# [WORK TASK]
In the entries that follow, copy exactly each line from the first through the line with "在斯里兰卡,Galle附近的".

# [Collection entries]
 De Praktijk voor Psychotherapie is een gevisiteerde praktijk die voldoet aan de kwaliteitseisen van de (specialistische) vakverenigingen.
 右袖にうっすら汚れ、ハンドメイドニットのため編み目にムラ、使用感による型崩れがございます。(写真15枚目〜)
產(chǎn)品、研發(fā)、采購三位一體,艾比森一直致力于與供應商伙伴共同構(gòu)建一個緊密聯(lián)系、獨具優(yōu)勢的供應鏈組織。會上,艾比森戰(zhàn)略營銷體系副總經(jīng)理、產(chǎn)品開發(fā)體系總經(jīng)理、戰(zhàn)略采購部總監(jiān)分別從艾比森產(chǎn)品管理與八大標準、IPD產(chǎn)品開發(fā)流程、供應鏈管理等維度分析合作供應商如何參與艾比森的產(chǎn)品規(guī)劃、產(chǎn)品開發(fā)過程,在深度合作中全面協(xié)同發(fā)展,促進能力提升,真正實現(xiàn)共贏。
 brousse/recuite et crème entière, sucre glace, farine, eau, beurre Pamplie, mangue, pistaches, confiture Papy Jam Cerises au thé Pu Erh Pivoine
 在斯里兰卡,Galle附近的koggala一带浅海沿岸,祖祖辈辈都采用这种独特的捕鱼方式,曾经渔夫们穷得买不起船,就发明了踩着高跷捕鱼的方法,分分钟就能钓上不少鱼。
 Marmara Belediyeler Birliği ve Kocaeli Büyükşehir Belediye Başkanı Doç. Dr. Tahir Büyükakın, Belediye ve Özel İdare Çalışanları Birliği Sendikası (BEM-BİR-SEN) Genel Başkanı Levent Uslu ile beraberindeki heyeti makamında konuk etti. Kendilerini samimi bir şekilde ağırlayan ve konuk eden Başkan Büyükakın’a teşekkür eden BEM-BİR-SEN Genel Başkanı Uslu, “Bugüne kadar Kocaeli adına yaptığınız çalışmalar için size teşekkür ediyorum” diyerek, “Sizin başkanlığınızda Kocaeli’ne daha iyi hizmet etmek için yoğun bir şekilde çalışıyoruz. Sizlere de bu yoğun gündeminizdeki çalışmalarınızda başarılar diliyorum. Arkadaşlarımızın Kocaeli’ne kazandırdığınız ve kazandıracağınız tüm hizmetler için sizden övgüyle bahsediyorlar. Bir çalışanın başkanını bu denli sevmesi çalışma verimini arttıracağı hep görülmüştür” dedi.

# [SOLUTION]
 De Praktijk voor Psychotherapie is een gevisiteerde praktijk die voldoet aan de kwaliteitseisen van de (specialistische) vakverenigingen.
 右袖にうっすら汚れ、ハンドメイドニットのため編み目にムラ、使用感による型崩れがございます。(写真15枚目〜)
產(chǎn)品、研發(fā)、采購三位一體,艾比森一直致力于與供應商伙伴共同構(gòu)建一個緊密聯(lián)系、獨具優(yōu)勢的供應鏈組織。會上,艾比森戰(zhàn)略營銷體系副總經(jīng)理、產(chǎn)品開發(fā)體系總經(jīng)理、戰(zhàn)略采購部總監(jiān)分別從艾比森產(chǎn)品管理與八大標準、IPD產(chǎn)品開發(fā)流程、供應鏈管理等維度分析合作供應商如何參與艾比森的產(chǎn)品規(guī)劃、產(chǎn)品開發(fā)過程,在深度合作中全面協(xié)同發(fā)展,促進能力提升,真正實現(xiàn)共贏。
 brousse/recuite et crème entière, sucre glace, farine, eau, beurre Pamplie, mangue, pistaches, confiture Papy Jam Cerises au thé Pu Erh Pivoine
 在斯里兰卡,Galle附近的koggala一带浅海沿岸,祖祖辈辈都采用这种独特的捕鱼方式,曾经渔夫们穷得买不起船,就发明了踩着高跷捕鱼的方法,分分钟就能钓上不少鱼。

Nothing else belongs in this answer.